▶ _WORK TO BE COMPLETED_: Repeat, word for word, every line from the line holding "Giới thiệu Bánh" through the final line of the entries below. Skip all pictures.

▶ _INPUT DATA_:
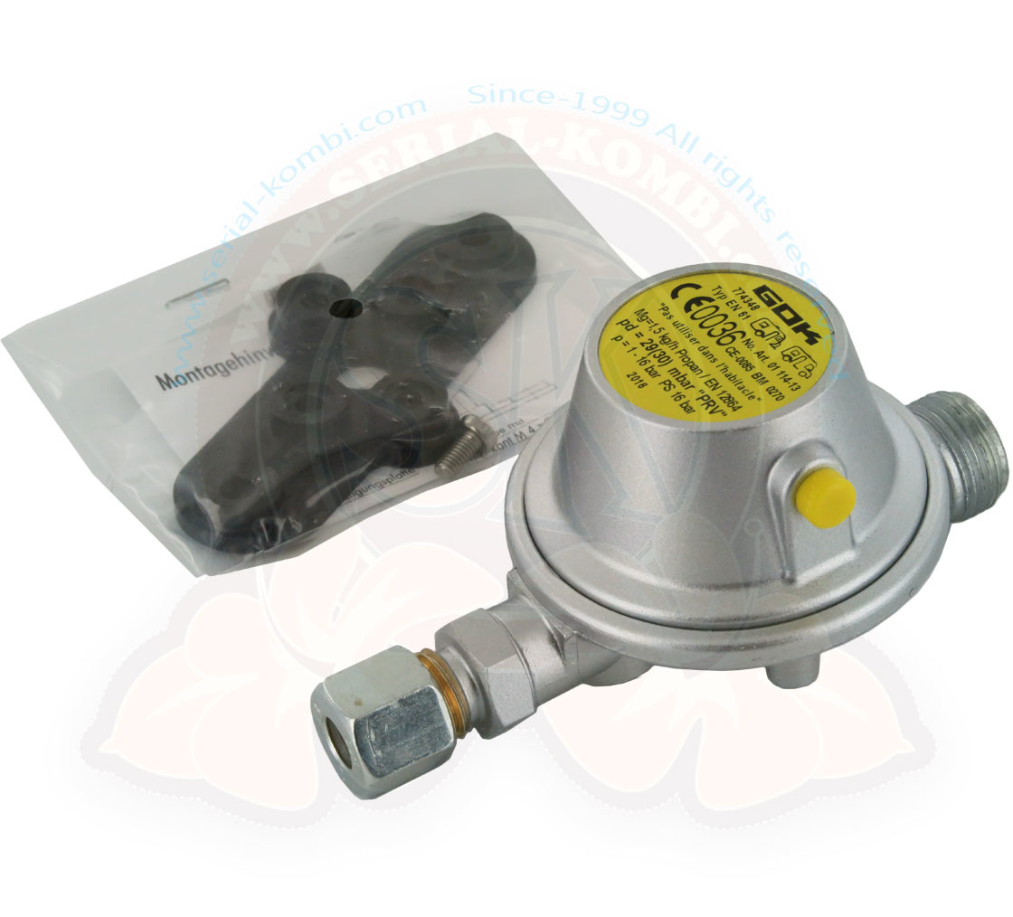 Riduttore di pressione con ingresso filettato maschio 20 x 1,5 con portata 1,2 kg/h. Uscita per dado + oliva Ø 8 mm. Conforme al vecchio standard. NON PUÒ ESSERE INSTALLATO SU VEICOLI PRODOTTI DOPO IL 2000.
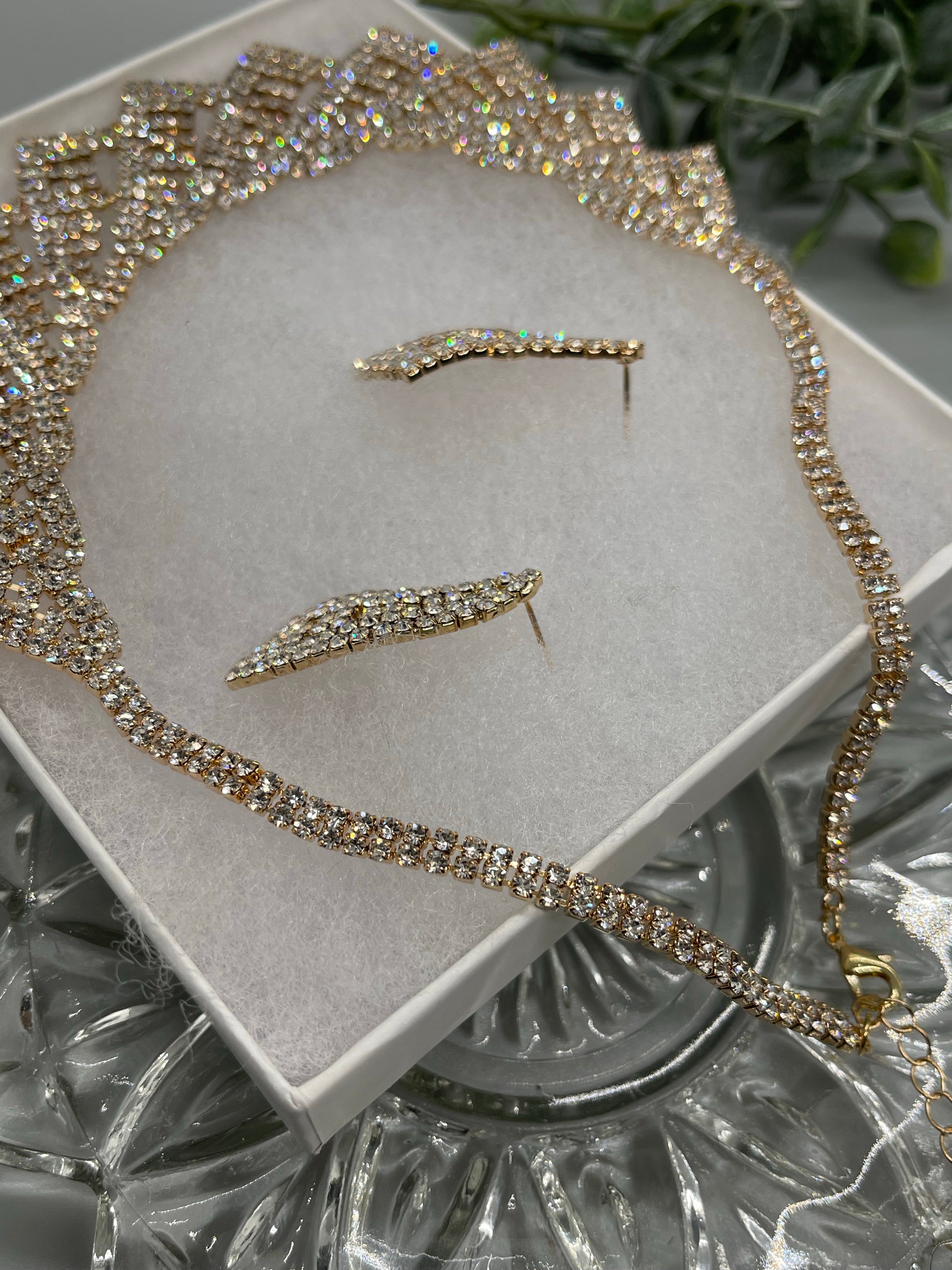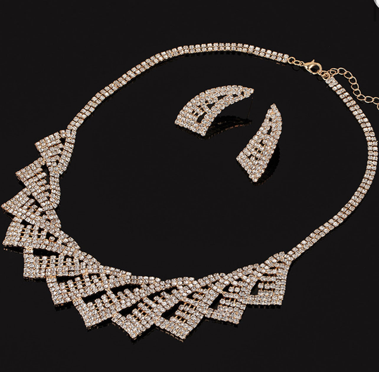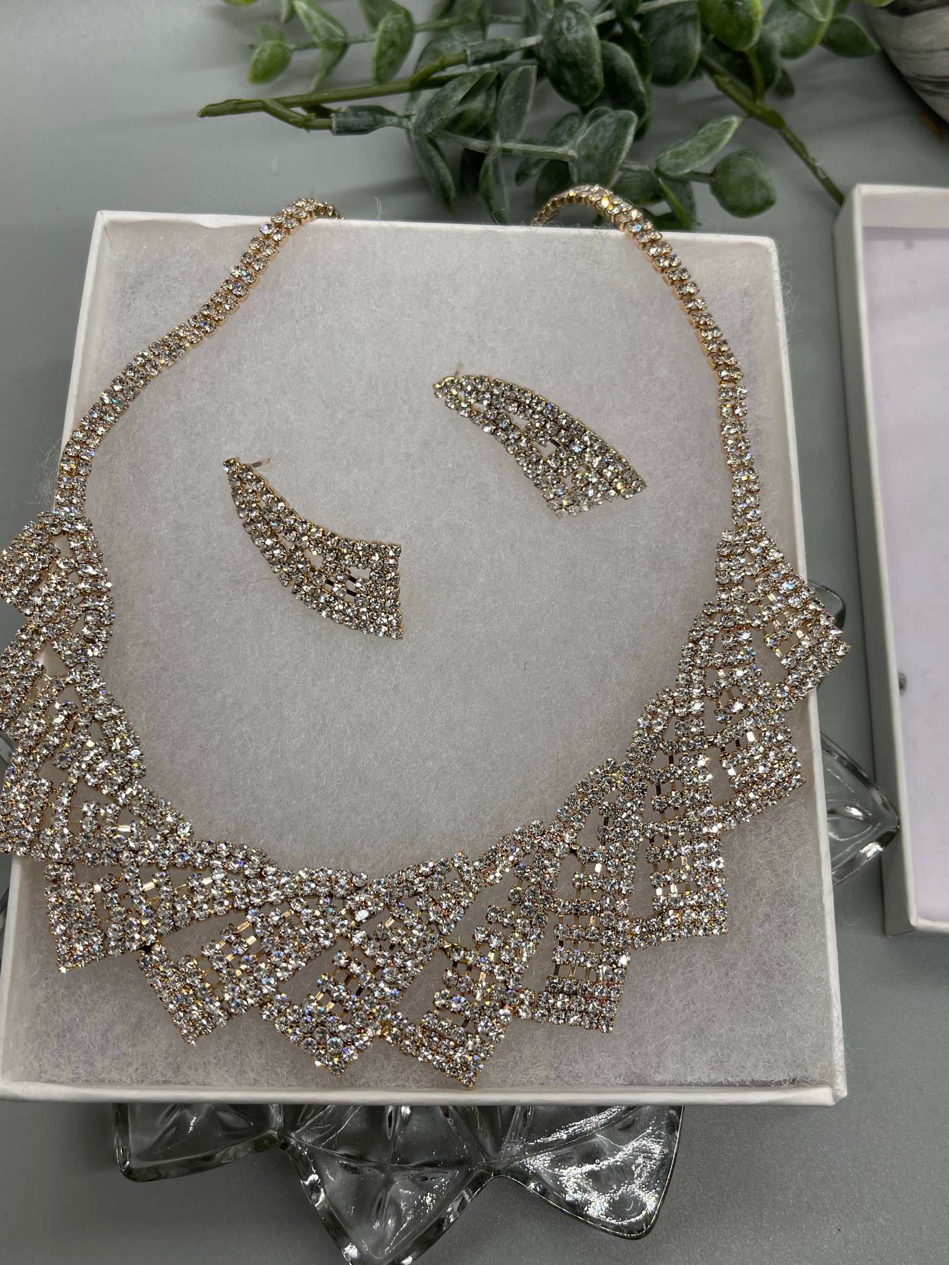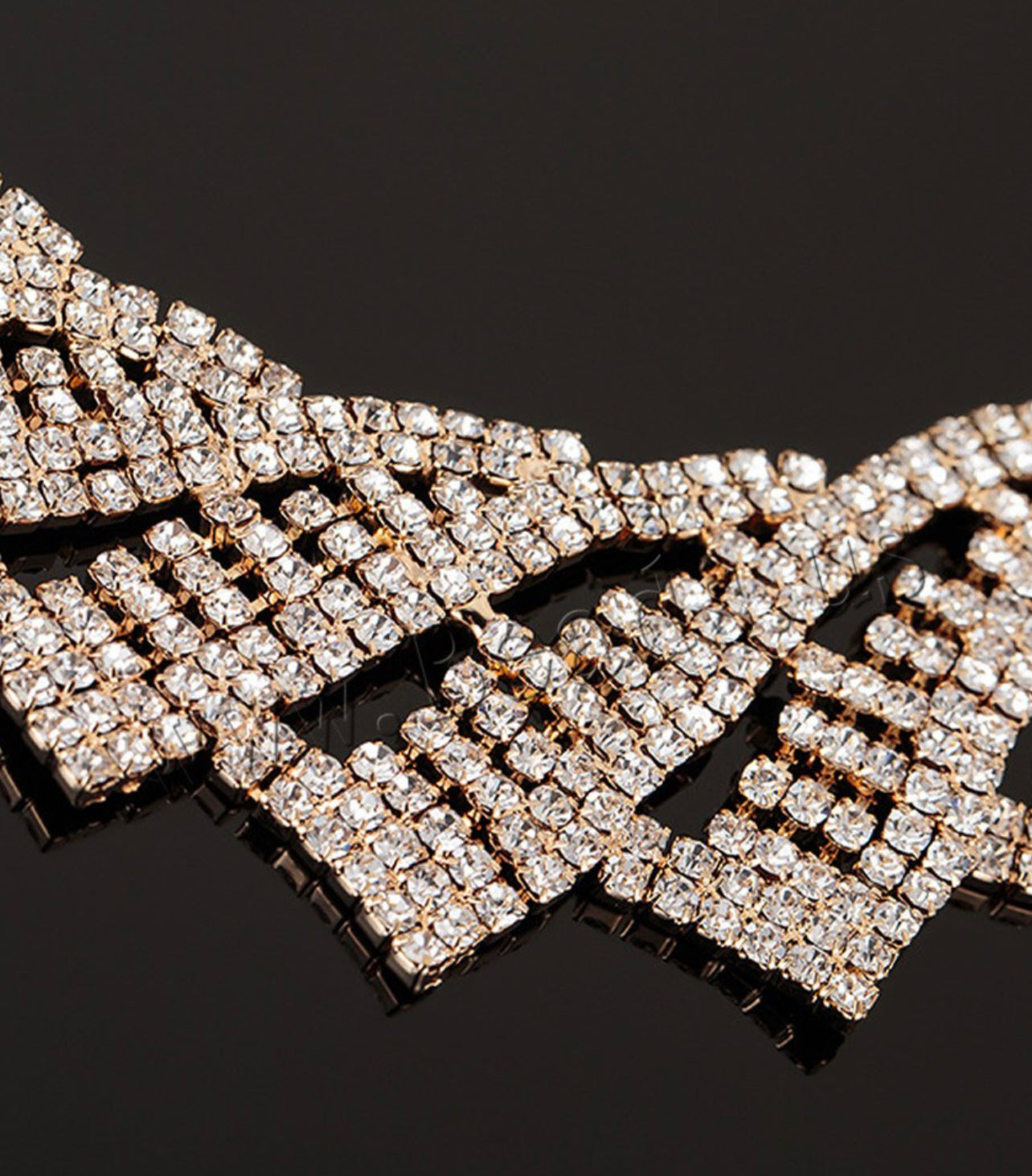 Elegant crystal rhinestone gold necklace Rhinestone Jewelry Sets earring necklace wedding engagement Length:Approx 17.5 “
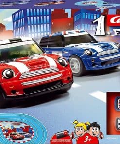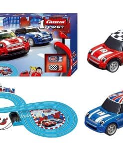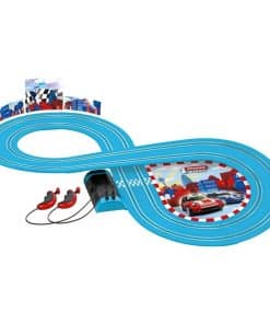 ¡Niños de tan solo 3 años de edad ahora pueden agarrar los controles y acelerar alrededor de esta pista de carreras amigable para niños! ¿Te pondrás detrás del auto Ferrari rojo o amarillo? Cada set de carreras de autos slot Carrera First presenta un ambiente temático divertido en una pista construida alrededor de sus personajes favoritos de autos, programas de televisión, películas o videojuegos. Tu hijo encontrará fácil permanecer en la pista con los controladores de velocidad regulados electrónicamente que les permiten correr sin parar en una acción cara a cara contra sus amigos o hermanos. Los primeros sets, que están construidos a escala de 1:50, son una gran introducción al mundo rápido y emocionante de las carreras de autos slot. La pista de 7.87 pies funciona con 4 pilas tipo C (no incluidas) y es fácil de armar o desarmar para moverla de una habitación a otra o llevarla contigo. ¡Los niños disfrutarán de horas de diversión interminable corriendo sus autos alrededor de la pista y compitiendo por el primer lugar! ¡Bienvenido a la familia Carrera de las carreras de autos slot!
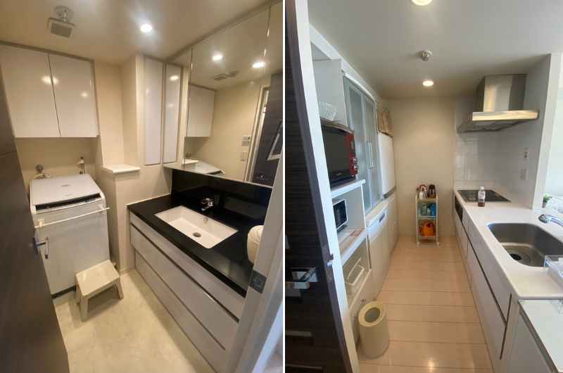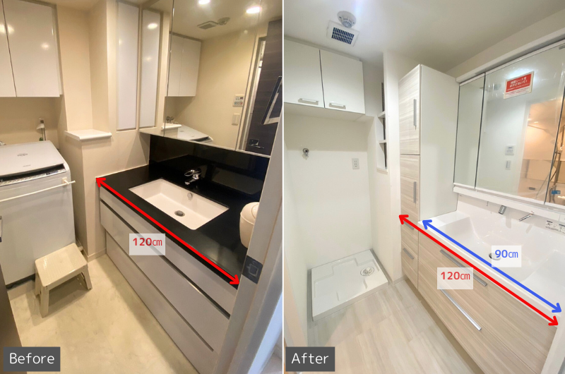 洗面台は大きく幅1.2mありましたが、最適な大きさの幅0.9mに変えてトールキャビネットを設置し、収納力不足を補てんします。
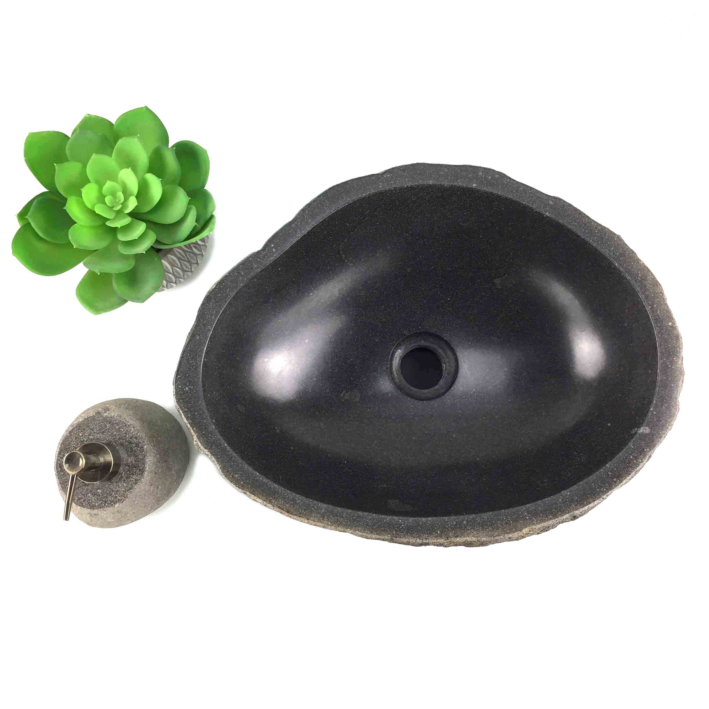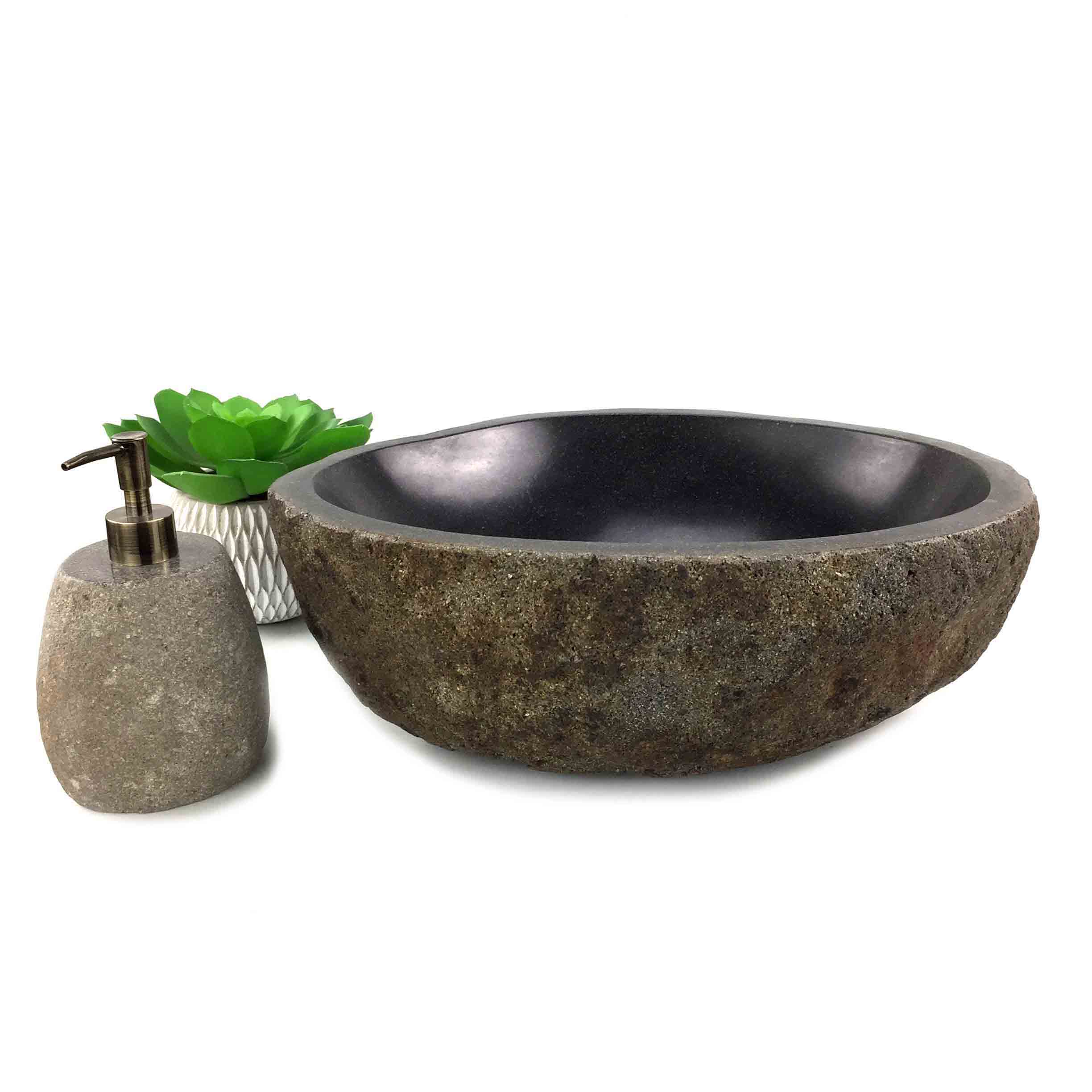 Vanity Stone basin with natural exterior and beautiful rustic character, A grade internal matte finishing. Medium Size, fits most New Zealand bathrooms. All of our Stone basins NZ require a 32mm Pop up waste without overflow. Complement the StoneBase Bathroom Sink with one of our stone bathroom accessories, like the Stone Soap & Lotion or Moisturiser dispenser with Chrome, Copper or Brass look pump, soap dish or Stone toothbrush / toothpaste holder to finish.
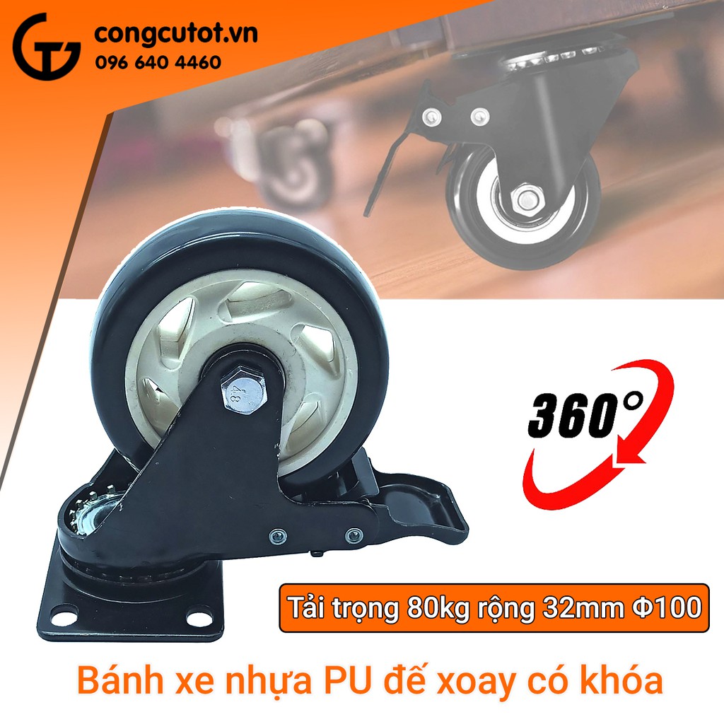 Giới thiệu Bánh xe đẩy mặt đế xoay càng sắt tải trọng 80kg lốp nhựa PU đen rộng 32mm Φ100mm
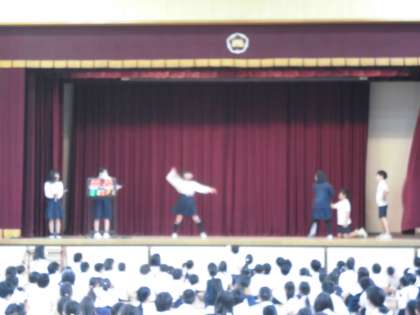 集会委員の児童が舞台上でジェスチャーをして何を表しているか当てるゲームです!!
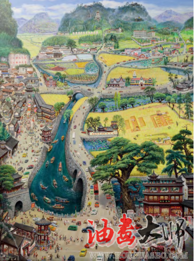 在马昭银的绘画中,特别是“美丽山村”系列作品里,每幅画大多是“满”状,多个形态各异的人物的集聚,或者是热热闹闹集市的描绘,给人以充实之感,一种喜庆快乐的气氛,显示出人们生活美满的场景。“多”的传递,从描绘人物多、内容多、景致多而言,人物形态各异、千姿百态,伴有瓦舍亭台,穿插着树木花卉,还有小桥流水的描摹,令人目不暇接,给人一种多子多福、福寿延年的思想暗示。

▶ _SOLUTION TO THE PROBLEM_:
 Giới thiệu Bánh xe đẩy mặt đế xoay càng sắt tải trọng 80kg lốp nhựa PU đen rộng 32mm Φ100mm
 集会委員の児童が舞台上でジェスチャーをして何を表しているか当てるゲームです!!
 在马昭银的绘画中,特别是“美丽山村”系列作品里,每幅画大多是“满”状,多个形态各异的人物的集聚,或者是热热闹闹集市的描绘,给人以充实之感,一种喜庆快乐的气氛,显示出人们生活美满的场景。“多”的传递,从描绘人物多、内容多、景致多而言,人物形态各异、千姿百态,伴有瓦舍亭台,穿插着树木花卉,还有小桥流水的描摹,令人目不暇接,给人一种多子多福、福寿延年的思想暗示。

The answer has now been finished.